- Born: Həsən Əlirza oğlu Əliyev 15 December 1907 Jomardlu, Zangezursky Uyezd, Elisabethpol Governorate, Russian Empire
- Died: 2 February 1993 (aged 85) Baku, Azerbaijan
- Resting place: Alley of Honor
- Citizenship: Russian Empire Azerbaijan Democratic Republic USSR Azerbaijan
- Education: Azerbaijan State Agricultural University
- Known for: soil scientist
- Children: Rasim Aliyev
- Relatives: Aliyev family
- Scientific career
- Fields: geography, soil science
- Institutions: Institute of Geography of ANAS

= Hasan Aliyev (academician) =

Soviet geographer (born 1907)

Hasan Alirza oghlu Aliyev (Həsən Əlirza oğlu Əliyev; 15 December 1907 — 2 February 1993) was an Azerbaijani scientist, socio-political figure, Honoured Scientist of the Azerbaijan SSR (1974), Secretary of the Party Committee of the Academy of Sciences of the Azerbaijan SSR (1950), First Deputy Minister of Agriculture of the Azerbaijan Republic, Secretary of the Central Committee of Azerbaijan (1952), Academic Secretary of ANAS (1952– 1957), member of the Baku Council of Labor Deputies (1953–1956), full member of the Royal Society of Bibliographers of England, director of the Institute of Geography named after academician Hasan Aliyev of ANAS (1968–1987).

==Biography==
Hasan Aliyev was born on 15 December 1907 in Jomardlu village. His family was deported to Nakhchivan after the March genocide. After coming to Nakhchivan, he worked in various jobs in 1917-1924. He entered the village evening school in 1925. In 1930 H.Aliyev graduated from Nakhchivan Agricultural College.

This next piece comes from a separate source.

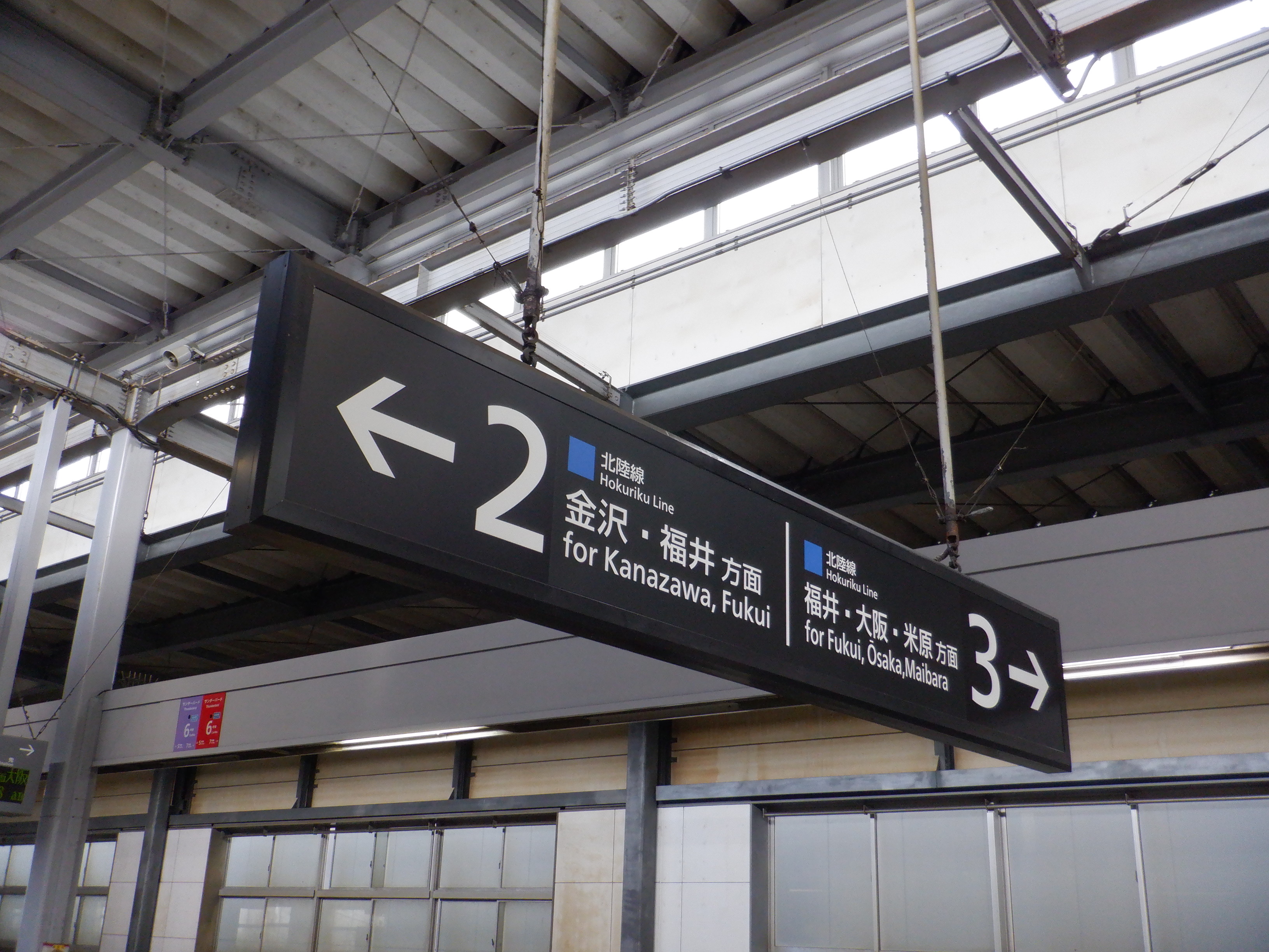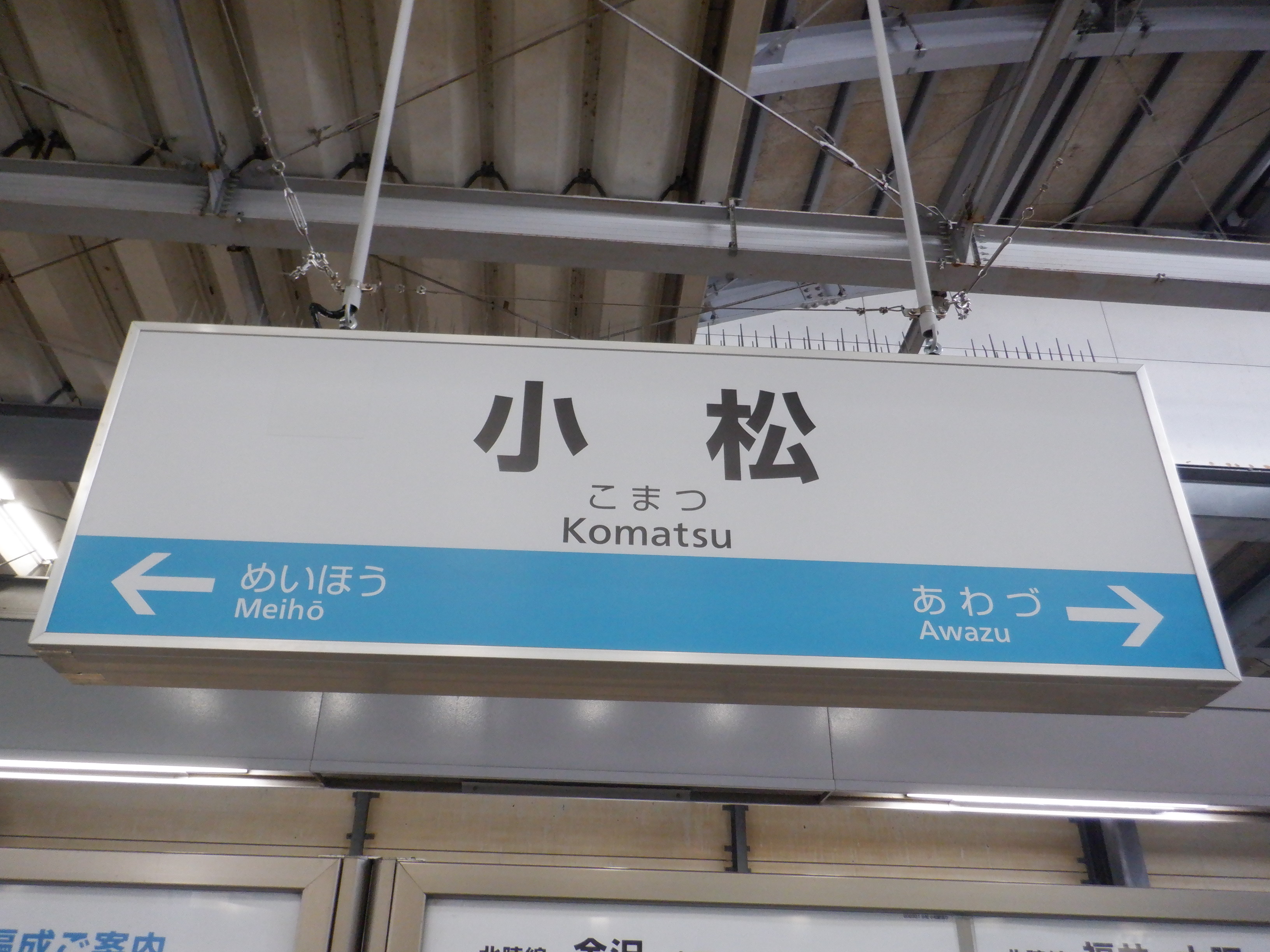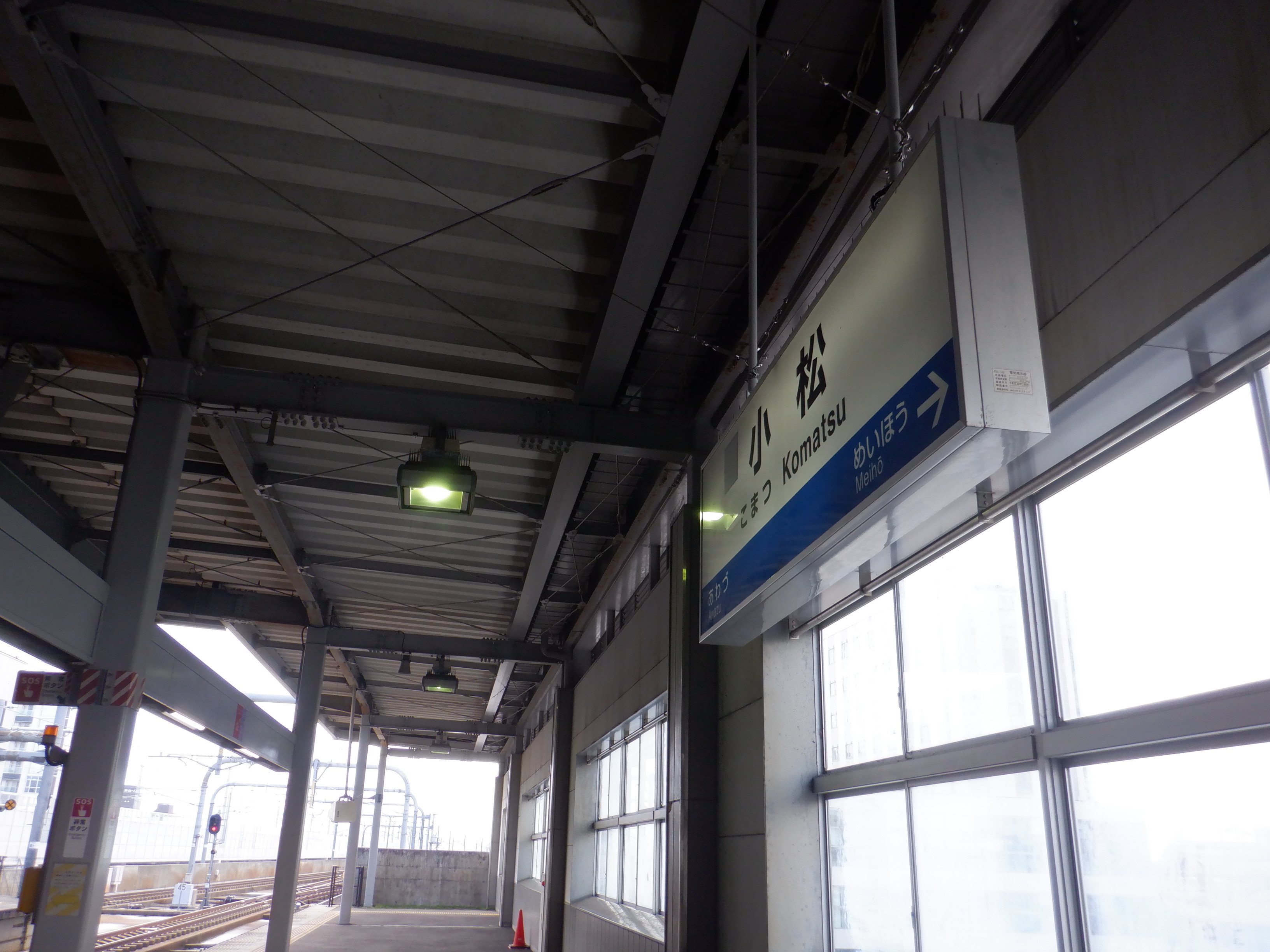 2・3番のりば明峰駅側の階段・エスカレーター寄りの駅名標。IRいしかわ鉄道のものに差し替わっていますが、ロゴがあると思われるところはシールが貼られています。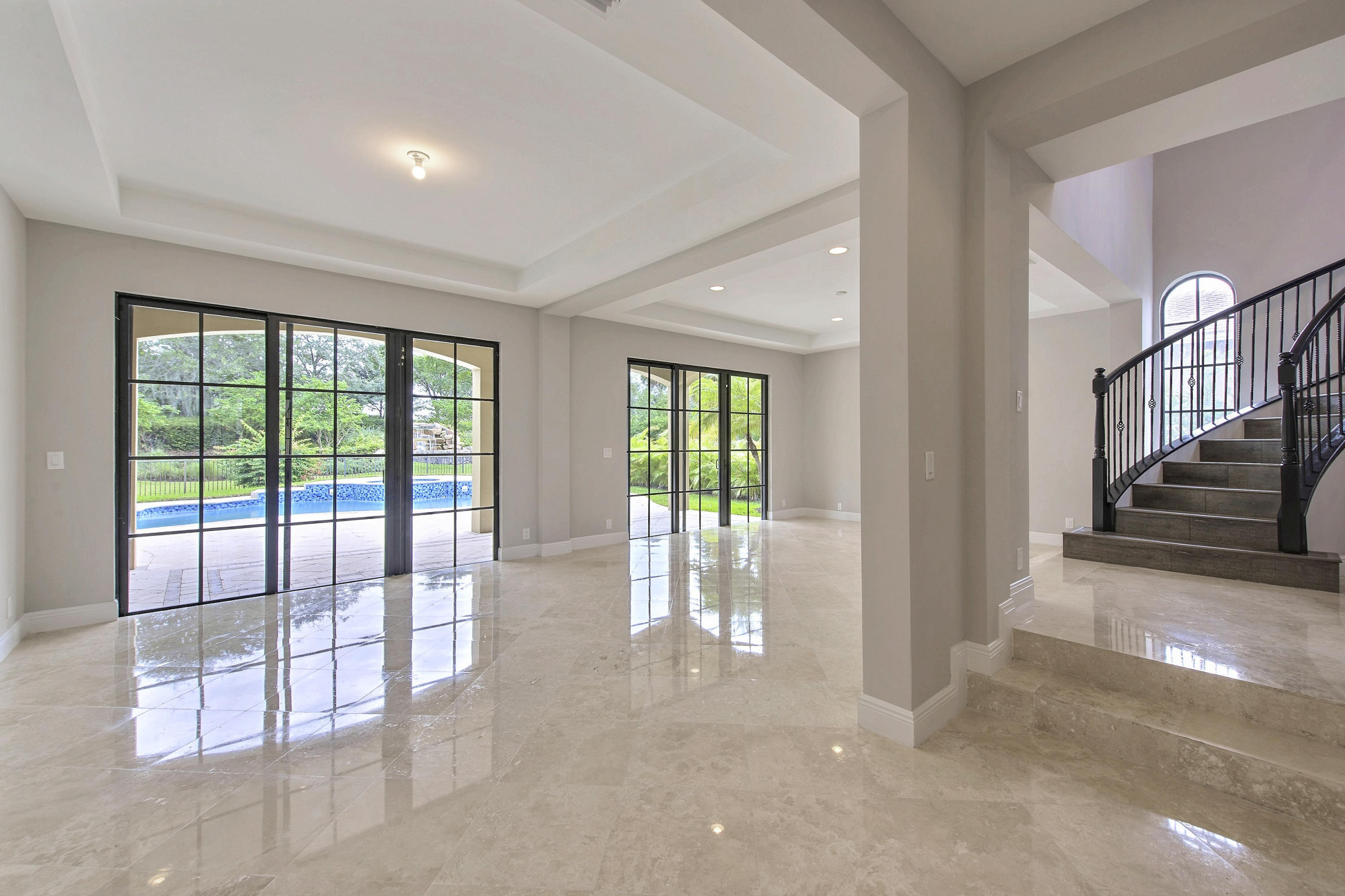 LUXURY LIFESTYLE with Private Marble Deck, Heated Spa and Waterfall in enormous Tranquil yard. New kitchen with quartz countertops and Kenmoore Elite appliances, smooth walls with contemporary color palate, espresso winding grand staircase. Everything is new and completely renovated from floor to ceiling

In 1927 during his studies at the technical school he was an employee of the department of agricultural pest control of the Land Commissariat of the Nakhchivan ASSR. In 1929, he worked as an instructor in Nakhchivan Cotton Union and Ganja branch of Azerbaijan Cotton Union. Hasan Aliyev studied at Azerbaijan Agricultural Institute in 1930-1932. In addition to studying at the institute, he worked as a teacher at Qarayeri state farm school in Ganja. In 1932 he entered the graduate school of Azerbaijan Scientific-Research Cotton Institute and graduated in 1934.In 1934 he was appointed director of Shirvan Zone-Experimental Station located in the centre of Ujar district of Azerbaijan Agricultural Cotton Institute. After working there for two years, he was hired as a researcher at the Department of Soil Science of Azerbaijan branch of the former USSR Academy of Sciences, and at the same time served as scientific secretary of that department (1935–1941). In 1935, he became a member of All-Union Society of Soil Science. In addition to research, he began teaching at universities. In 1939 he became a member of the former All-Union Geographical Society.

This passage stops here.